Please visit [demo page](https://haoheliu.github.io/demopage-voicefixer/) to view what voicefixer can do.

## Usage

Install voicefixer first:
```shell script
pip install voicefixer
```

### Desktop App

You can test audio samples on your desktop by running website (powered by [streamlit](https://streamlit.io/))
```shell script
# Install additional web package
pip install streamlit
# Run streamlit 
streamlit run test/streamlit.py
```
**Important:** When you run the above command for the first time, the web page may leave blank for several minutes for downloading models.
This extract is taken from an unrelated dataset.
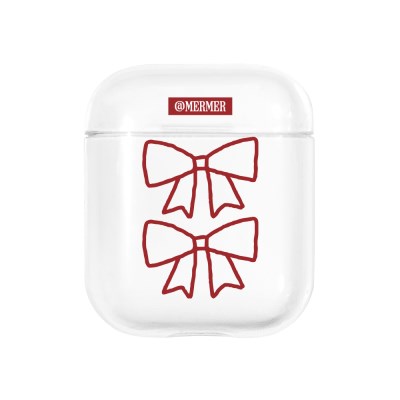 더블 리본 페인팅-레드(에어팟-클리어)

You can checkout the terminal for downloading progresses.  
 

### Python interface

Basic example: 

```python
# Will automatically download model parameters.
from voicefixer import VoiceFixer
from voicefixer import Vocoder

# Initialize model
voicefixer = VoiceFixer()
# Speech restoration

# Mode 0: Original Model (suggested by default)
voicefixer.restore(input="", # input wav file path
                   output="", # output wav file path
                   cuda=False, # whether to use gpu acceleration
                   mode = 0) # You can try out mode 0, 1, 2 to find out the best result
# Mode 1: Add preprocessing module (remove higher frequency)
voicefixer.restore(input="", # input wav file path
                   output="", # output wav file path
                   cuda=False, # whether to use gpu acceleration
                   mode = 1) # You can try out mode 0, 1, 2 to find out the best result
# Mode 2: Train mode (might work sometimes on seriously degraded real speech)
voicefixer.restore(input="", # input wav file path
                   output="", # output wav file path
                   cuda=False, # whether to use gpu acceleration
                   mode = 2) # You can try out mode 0, 1, 2 to find out the best result

# Another similar function
# voicefixer.restore_inmem()

# Universal speaker independent vocoder
vocoder = Vocoder(sample_rate=44100) # Only 44100 sampling rate is supported.

# Convert mel spectrogram to waveform
wave = vocoder.forward(mel=mel_spec) # This forward function is used in the following oracle function.

# Test vocoder using the mel spectrogram of 'fpath', save output to file out_path
vocoder.oracle(fpath="", # input wav file path
               out_path="") # output wav file path
```

### Others Features

- How to use your own vocoder, like pre-trained HiFi-Gan?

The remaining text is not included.